Phew, I’m glad that week is nearly over. If only you lot knew the lengths I have to go to to bring you the word on the street – or should that be gutter? – in this marvellous industry, I’m sure you would be covering me with glory – and I don’t mean the “morning” type either.
Three long nights rubbing shoulders with the good, the bad and the ugly of direct marketing would be enough to turn a lesser girl into a dribbling wreck, but there’s free alcohol to guzzle, and someone’s got to do it.
Mind you, I did manage to slip in at the rear (just by chance my favourite position, too) at the Private Life of Direct Mail presentation. I mean Robert Senior is a lovely bloke and all that but hearing him wax lyrical about junk mail nearly brought my dinner up.
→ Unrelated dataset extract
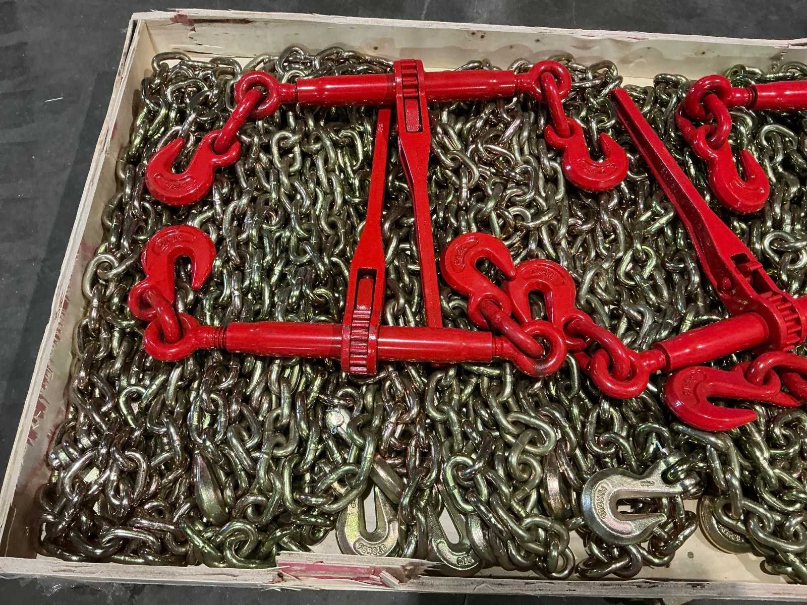 Pallet met 5x ratelspanner en 10x transportketting (4,17 ton)

The Private Life of Robert Senior would have been a much more interesting presentation…
Then it was off to Lida to hear Nicky “shaven Maven” Bullard and Ian “you don’t fuck with me” Haworth pour forth on the joy of…er, you guessed it, junk mail. It was a quick in and out at that one, too, although not before Mr Lida took me all over his office…
Finally, it was to the lovely PR agency that is Limelight for their Christmas office party in January. And, would you believe it, even Ian “George Clooney” McCawley managed to haul his arse into work (although I hear he’s back at the doctor’s this morning).
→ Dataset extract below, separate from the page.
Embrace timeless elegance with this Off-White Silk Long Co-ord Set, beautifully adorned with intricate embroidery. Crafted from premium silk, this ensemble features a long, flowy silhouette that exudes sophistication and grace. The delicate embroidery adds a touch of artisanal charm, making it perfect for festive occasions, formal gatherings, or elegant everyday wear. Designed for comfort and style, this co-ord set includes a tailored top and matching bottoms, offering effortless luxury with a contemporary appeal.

Not that everyone who I was looking forward to seeing managed to make it. Those lovely Granby girls were apparently stuck in the snow, although Blackburn must have its own micro-climate as apparently there wasn’t a flake to be found a few miles down the road in Bolton.
Still, the talk of the night was my esteemed editor’s discovery that, after years of thinking he was bog Irish, he is in fact Jewish. Shalom, shalom, as the say in all the finest synagogues. Having spent too much time on Ancestry.co.uk when he should’ve been working, it turns out his great grandmother on his mum’s side went by the name of Mrs Alter.
Funny thing is, he has taken the news rather badly, claiming that if he only he’d known earlier he would’ve been able to join the DM Jewish Mafia years ago, and be much closer with the likes of Marc Nohr and Marc Michaels – and therefore much more successful – instead of causing trouble. Oy vey, oy vey.
Mind you, apparently there’s now a campaign to get him circumcised…and I’m selling tickets. Anyone fancy that?